README.md · suayptalha/Arcana-Qwen3-2.4B-A0.6B at main

Arcana-Qwen3-2.4B-A0.6B / README.md

suayptalha

Update README.md

8a9dcfd verified 7 months ago

preview code

raw

history blame contribute delete

3.53 kB

	---
	license: apache-2.0
	language:
	- en
	base_model:
	- Qwen/Qwen3-0.6B
	pipeline_tag: text-generation
	library_name: transformers
	tags:
	- moe
	- qwen3
	- code
	- math
	- reasoning
	- medical
	- instruction
	- if
	datasets:
	- nvidia/OpenCodeReasoning
	- unsloth/OpenMathReasoning-mini
	- patrickfleith/instruction-freak-reasoning
	- FreedomIntelligence/medical-o1-reasoning-SFT
	- Malikeh1375/medical-question-answering-datasets
	- Myashka/SO-Python_QA-filtered-2023-no_code-tanh_score
	- ArdentTJ/t1_daily_conversations
	---

	![The Imitation Game](qwen3-moe.jpg)

	"We are all experts at something, but we’re all also beginners at something else."

	— The Imitation Game (2014)

	# Arcana Qwen3 2.4B A0.6B

	This is a MoE (Mixture of Experts) Qwen3 model which has total number of 2.4B parameters and 0.6B for each of 4 experts. All the expert models can be seen below.
	This model aims to provide more accurate results with more efficiency and less memory usage!

	## Expert Models:

	### Key Training Parameters (SFTConfig)

	* `per_device_train_batch_size = 2`
	* `gradient_accumulation_steps = 4`
	* `warmup_steps = 5`
	* `num_train_epochs = 1`
	* `learning_rate = 2e-5`
	* `optim = "adamw_8bit"`
	* `weight_decay = 0.01`
	* `seed = 3407`

	### Coding:
	[suayptalha/Qwen3-0.6B-Code-Expert](https://huggingface.co/suayptalha/Qwen3-0.6B-Code-Expert)

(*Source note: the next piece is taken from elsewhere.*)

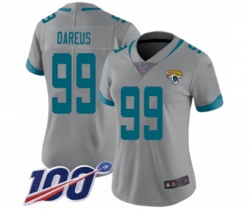 Women's Jacksonville Jaguars #99 Marcell Dareus Silver Inverted Legend Limited 100th Season Football Jersey

	This model was fully fine-tuned with BF16 on first 20k rows of `nvidia/OpenCodeReasoning` dataset for 1 epoch.

	### Math:
	[suayptalha/Qwen3-0.6B-Math-Expert](https://huggingface.co/suayptalha/Qwen3-0.6B-Math-Expert)

	This model was fully fine-tuned with BF16 on entire `unsloth/OpenMathReasoning-mini` dataset for 1 epoch.

	### Medical:
	[suayptalha/Qwen3-0.6B-Medical-Expert](https://huggingface.co/suayptalha/Qwen3-0.6B-Medical-Expert)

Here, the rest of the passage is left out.